WHAT IS BEING ASKED.
No pictures go into the output, which should consist only of the lines from the first line of the data through the line with "Half Share: Arugula, Little", copied exactly.

RECORDS FOR THE TASK.
..........

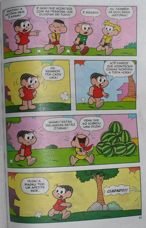 Os traços também são muito bonitos. Curiosamente, outro fato que não existe mais atualmente é o Cascão brincar no lixão. Enfim, história sensacional que sempre vale a pena relembrar. Nas imagens da postagem, coloquei a história completa. A propósito, a capa dessa edição também é espetacular. Toda perfeita.
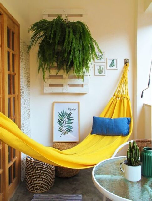 5 – SACADAS E REDES: Redes para deitar nas sacadas são ideias para quem gosta de observar o céu e o passar do dia. Este item é decorativo e funcional, além de fácil de guardar.
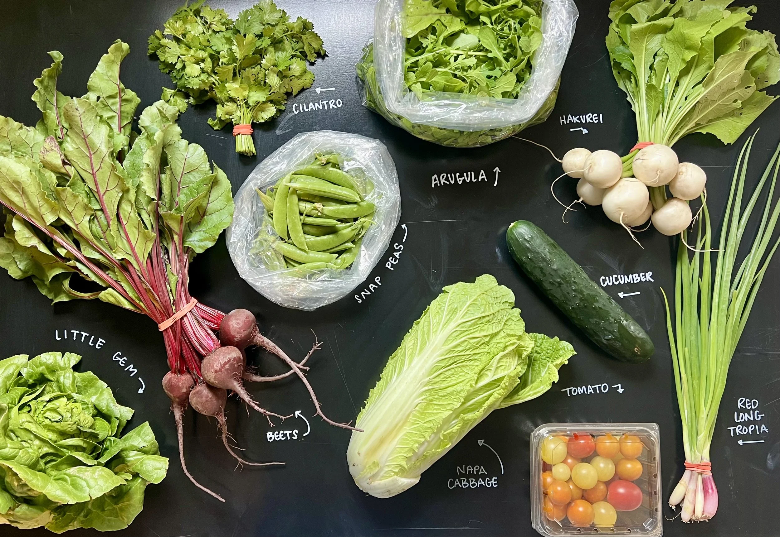 Half Share: Arugula, Little Gem, Napa Cabbage, Beets, Cucumber, Snap Peas, Cilantro
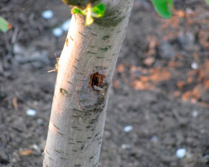 aby zapobiec pojawieniu się szkodników, powierzchnia pnia rośliny, a także podstawa gałęzi szkieletowych, są pokryte kompozycją złożoną z próchnicy i gliny. Ponadto, aby zapobiec pojawianiu się błędów, ogrodnicy często używają kłód pułapek. Wiosną na stronie w kilku miejscach musisz położyć kawałek kłody (klin). W okresie letnim mogą się w nich osiedlać korniki i składać tam jaja, z których wkrótce wyłaniają się larwy. Wraz z nadejściem okresu jesiennego kliny należy spalić.
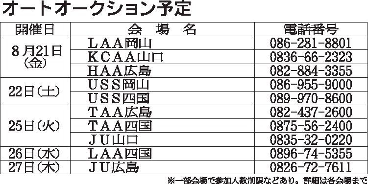 〈オートオークション予定〉中四国地区 2020/8/21~27
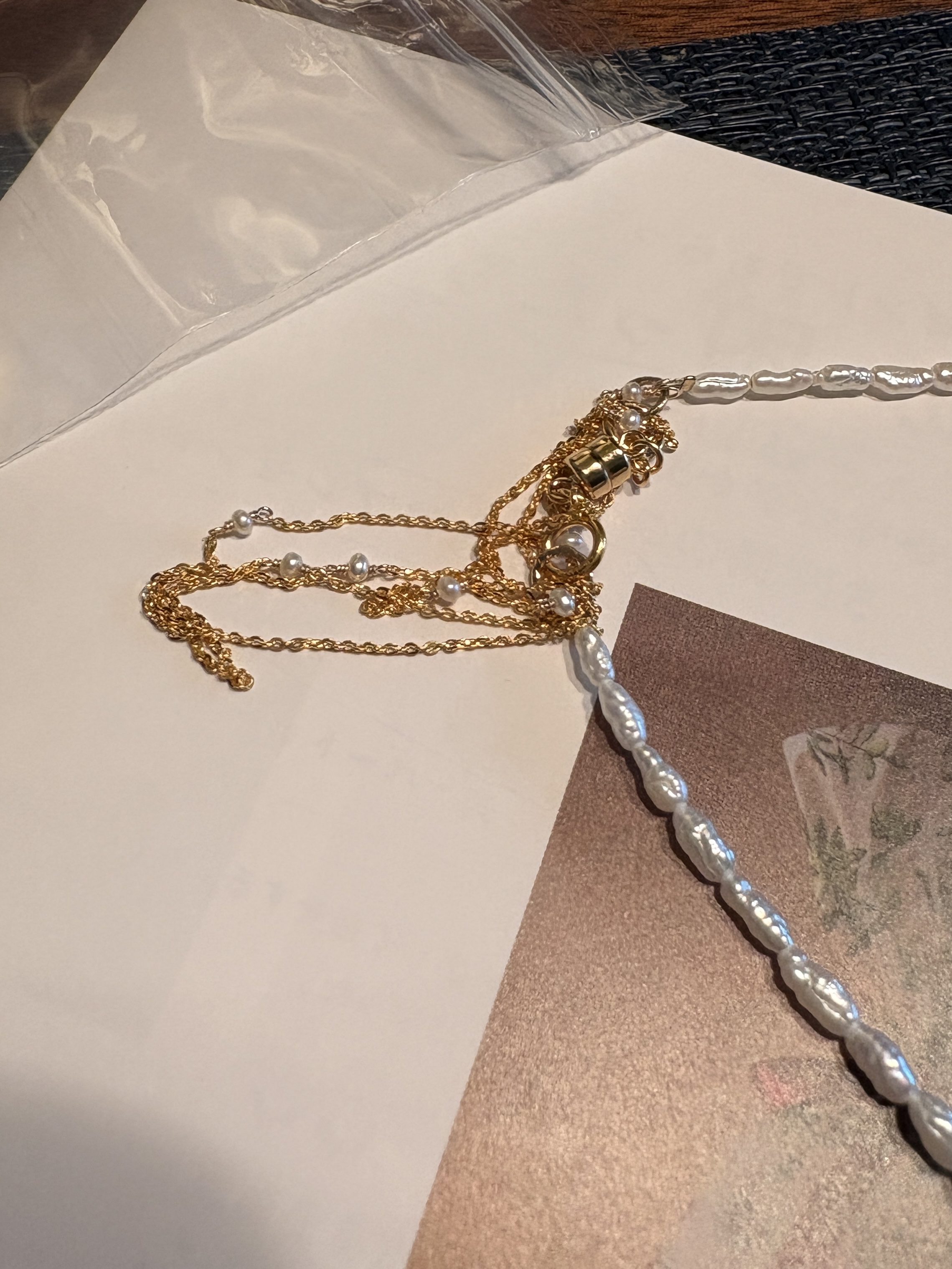絡まないようパール部分とゴールド部分が別々の小分けビニール袋に分けられていたのがなんだか、少し見た目が悪く、ガッカリ感が。さらには袋の中でゴールドチェーンがマグネット部分にぐりぐりに絡まってしまっていて、ほどくのに難儀し、泣きそうでした。

..........

TASK ANSWER.
 Os traços também são muito bonitos. Curiosamente, outro fato que não existe mais atualmente é o Cascão brincar no lixão. Enfim, história sensacional que sempre vale a pena relembrar. Nas imagens da postagem, coloquei a história completa. A propósito, a capa dessa edição também é espetacular. Toda perfeita.
 5 – SACADAS E REDES: Redes para deitar nas sacadas são ideias para quem gosta de observar o céu e o passar do dia. Este item é decorativo e funcional, além de fácil de guardar.
 Half Share: Arugula, Little Gem, Napa Cabbage, Beets, Cucumber, Snap Peas, Cilantro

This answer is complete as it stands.